En el primer proyecto piloto de esta iniciativa, el plan de almacenaje submarino de gas natural Castor, situado entre la costa de Vinarós (Castelló) y Alcanar (Tarragona), el mecanismo funciona para lograr financiación privada, pero en realidad está permitiendo la refinanciación de una deuda privada. El crédito a siete años por valor de más de 1.300 millones de euros contraído por la promotora del proyecto, ESCAL UGS (mayoritariamente en manos de la empresa ACS, de Florentino Pérez), era difícilmente pagable. Sin embargo, el mecanismo permite convertir esa deuda en bonos a 21,5 años, ahora sustentados por el BEI y por tenedores/as de bonos. En el caso del Proyecto Castor, además, una cláusula abusiva dentro del contrato de concesión puede hacer que sea el Estado quien termine pagando indirectamente el retorno e intereses de estos bonos.
Otros proyectos escogidos para ser financiados con este mecanismo coinciden con esta pauta: una inversión privada que pasa a ser doblemente apuntalada por el sector público: a nivel europeo y estatal. Si todo va bien, el beneficio es claramente suculento para la empresa; si algo va mal, puede salirle muy caro al Estado y a sus contribuyentes. Además, la voluntad de atraer proyectos cada vez más sostenibles ha sido puesta en entredicho, ya que entre los nueve proyectos a financiar en la fase piloto hay cuatro autopistas y dos almacenes de gas. ¿Cuáles son entonces los riesgos a los que se expone la población con esta forma de financiación?
En primer lugar, la aceleración que imprime el capitalismo financiero y el mantra del crecimiento asociado a las infraestructuras parecen estar por encima del principio de precaución.
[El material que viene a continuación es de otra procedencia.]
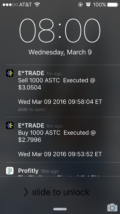$ASTC 1000 in @2.7996 out @3.0504 took quick profits $230. department of homeland security awarded contracts for next generation explosives. looked like the top was around 3.10's. tried to execute in the 3.50's but no luck then didn't want to chase let it consolidate a bit tried again with low float felt it was worth the risk. I had my finger on the sell button the whole time THX @timothysykes & stocks to trade. ๐Ÿ˜ˆ

El descontrol sobre los procedimientos y las autorizaciones se ha evidenciado en el Proyecto Castor tras los más de 500 terremotos ocasionados en la zona después de la inyección de gas, el más intenso de ellos de 4,2 en la escala de Richter.
En segundo lugar, la opacidad y la falta de democracia en la toma de decisiones. Es altamente cuestionable que estos megaproyectos estén al servicio de la ciudadanía. Las formas de participación ciudadana son obviadas en favor de los mercados, posibilitando endeudamientos milmillonarios con graves impactos ambientales, sociales y económicos. Y, por último, el peligro de los mismos marcos legitimadores de estas prácticas, como las políticas de “seguridad energética” de la UE, que, bajo un supuesto aseguramiento del suministro energético para sus conciudadanos, esconden intereses geopolíticos como, por ejemplo, acabar con la hegemonía del gas ruso, sustituyéndolo por otras zonas ricas en hidrocarburos y de alto interés geoestratégico, como la región del Caspio o el Norte de África.
Así pues, dejar que las infraestructuras se decidan desde la esfera financiera, es decir, consentir la financiarización de las infraestructuras, es dar vía libre a una nueva ola de despojo, acumulación por desposesión y pérdida de soberanía. En la actualidad, podemos encontrar innumerables ejemplos de comunidades severamente afectadas por megaproyectos. Los Bonos de Proyectos 2020 no hacen más que acentuar ese problema, y cuentan al mismo tiempo con un marco jurídico favorable y un poder político que asiente más que nunca, alejándonos de proyectos útiles para la ciudadanía y llevándonos a la deriva hacia megaproyectos pensados por y para los de arriba, eso sí, apuntalados por los de abajo.